:: THE INPUT ::
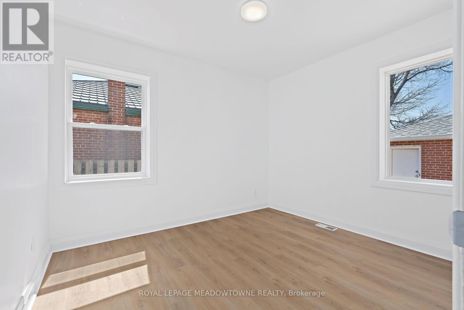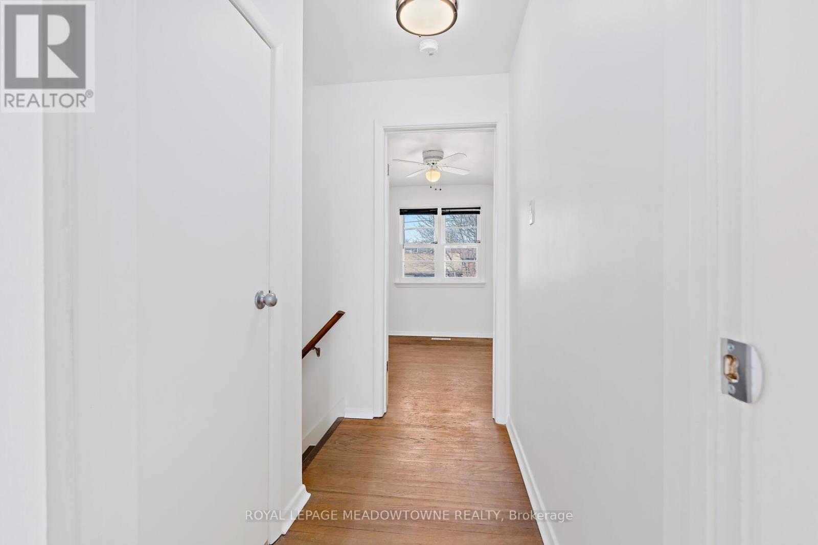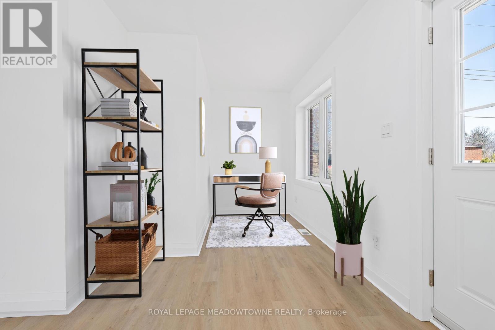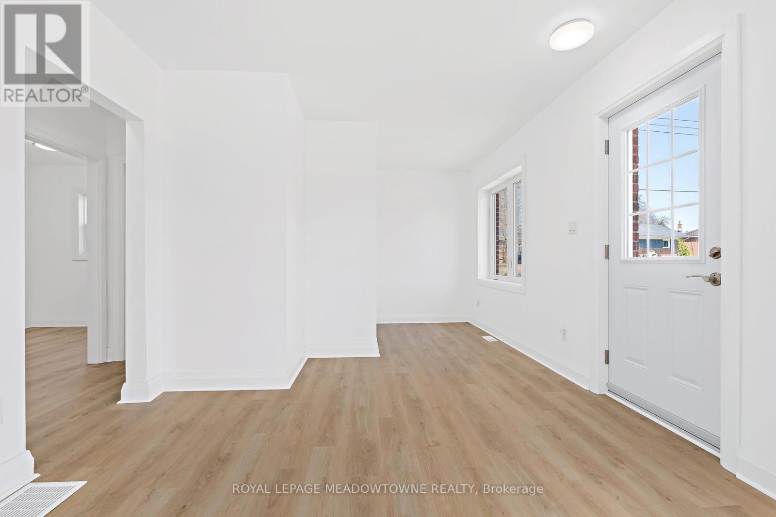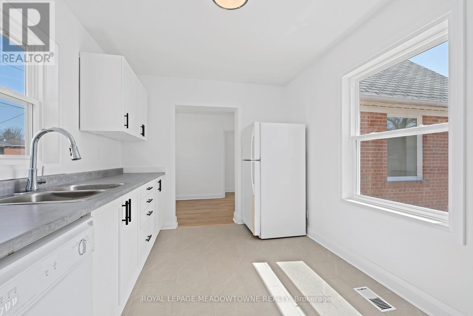 Welcome to this cozy and charming 1 1/2-storey home nestled in the desirable Park District.Featuring 3 bedrooms and 2 bathrooms, this move-in ready property is perfect for first-time buyers or those looking to downsize without compromising on comfort or convenience.Ideally located within walking distance to historic downtown Georgetown, you'll enjoy easy access to parks, schools, transit, churches, the library, shopping, restaurants, summer farmers market and the hospital-all while living in a quiet, family-friendly neighbourhood.This home has been freshly painted throughout and boasts a beautifully upgraded bathroom. The main level has been completely refreshed in 2026 with a brand-new kitchen, luxury vinyl flooring, updated trim, new windows, a modern front entrance door, and stylish lighting.The finished basement offers additional living space along with ample storage, and a convenient side entrance adds flexibility and potential. Step outside to a private backyard-perfect for relaxing or entertaining.Additional features include a detached single-car garage with a wood-burning stove, 60 amp panel and parking for up to three vehicles.Don't miss this fantastic opportunity to own a thoughtfully updated home in a prime location! (id:64974)
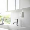 洗面戸棚下がタンブラーの収納スペースに早変わり。手に取りやすい位置に浮かせて収納できるタンブラーとホルダーのセットです。
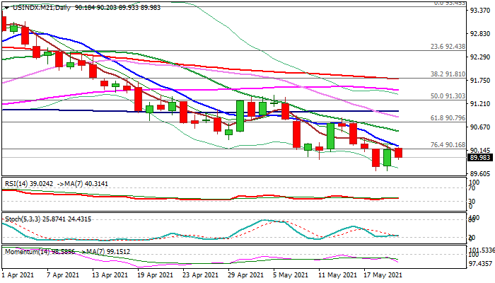 Daily techs are in full bearish setup and warn of further dollar’s weakness, however oversold weekly stochastic signals extended consolidation before larger bears resume towards key support at 89.15 (2021 low).
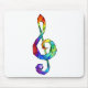 Poligonal, arco-íris, chave musical brilhante sobre fundo branco. Tatuagem de polígono.
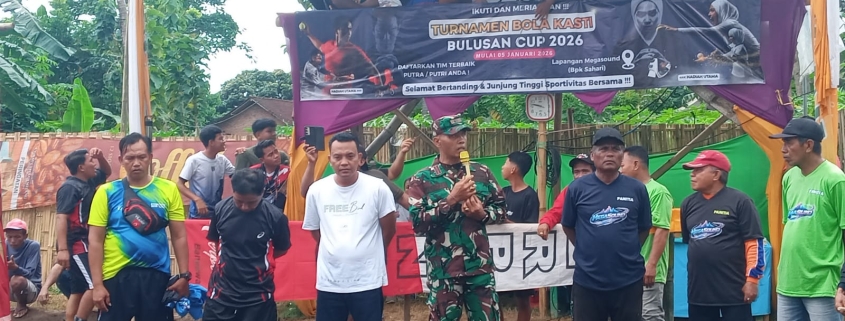 BANYUWANGI – Koramil 0825-21/Kalipuro menunjukkan dukungannya terhadap pengembangan olahraga lokal dengan menghadiri Open Turnamen Bola Kasti Bulusan Cup 2026 yang digelar di Lapangan Mega Sound, Kelurahan Bulusan, Kecamatan Kalipuro, Banyuwangi, pada Kamis (08/01/2026). Kegiatan ini berlangsung meriah dengan antusias masyarakat yang tinggi.
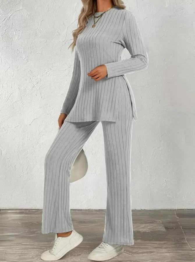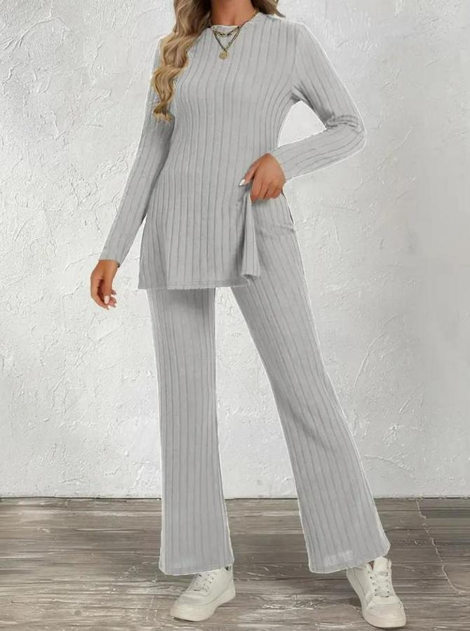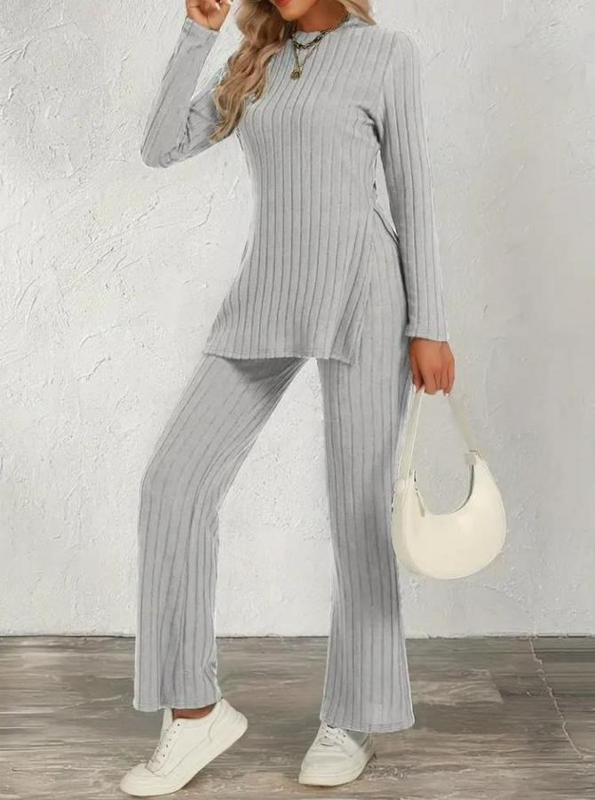 Kadın Uzun Kollu Bisiklet Yaka Yandan Yırtmaçlı şardonlu Kaşkorse Bluz Ve Pantolon Ikili Takım

:: HOW TO COMPLETE THIS TASK ::
The expected output is the complete listing, word for word, without any picture.

:: OUTPUT FOR THIS EXERCISE ::
 Welcome to this cozy and charming 1 1/2-storey home nestled in the desirable Park District.Featuring 3 bedrooms and 2 bathrooms, this move-in ready property is perfect for first-time buyers or those looking to downsize without compromising on comfort or convenience.Ideally located within walking distance to historic downtown Georgetown, you'll enjoy easy access to parks, schools, transit, churches, the library, shopping, restaurants, summer farmers market and the hospital-all while living in a quiet, family-friendly neighbourhood.This home has been freshly painted throughout and boasts a beautifully upgraded bathroom. The main level has been completely refreshed in 2026 with a brand-new kitchen, luxury vinyl flooring, updated trim, new windows, a modern front entrance door, and stylish lighting.The finished basement offers additional living space along with ample storage, and a convenient side entrance adds flexibility and potential. Step outside to a private backyard-perfect for relaxing or entertaining.Additional features include a detached single-car garage with a wood-burning stove, 60 amp panel and parking for up to three vehicles.Don't miss this fantastic opportunity to own a thoughtfully updated home in a prime location! (id:64974)
 洗面戸棚下がタンブラーの収納スペースに早変わり。手に取りやすい位置に浮かせて収納できるタンブラーとホルダーのセットです。
 Daily techs are in full bearish setup and warn of further dollar’s weakness, however oversold weekly stochastic signals extended consolidation before larger bears resume towards key support at 89.15 (2021 low).
 Poligonal, arco-íris, chave musical brilhante sobre fundo branco. Tatuagem de polígono.
 BANYUWANGI – Koramil 0825-21/Kalipuro menunjukkan dukungannya terhadap pengembangan olahraga lokal dengan menghadiri Open Turnamen Bola Kasti Bulusan Cup 2026 yang digelar di Lapangan Mega Sound, Kelurahan Bulusan, Kecamatan Kalipuro, Banyuwangi, pada Kamis (08/01/2026). Kegiatan ini berlangsung meriah dengan antusias masyarakat yang tinggi.
 Kadın Uzun Kollu Bisiklet Yaka Yandan Yırtmaçlı şardonlu Kaşkorse Bluz Ve Pantolon Ikili Takım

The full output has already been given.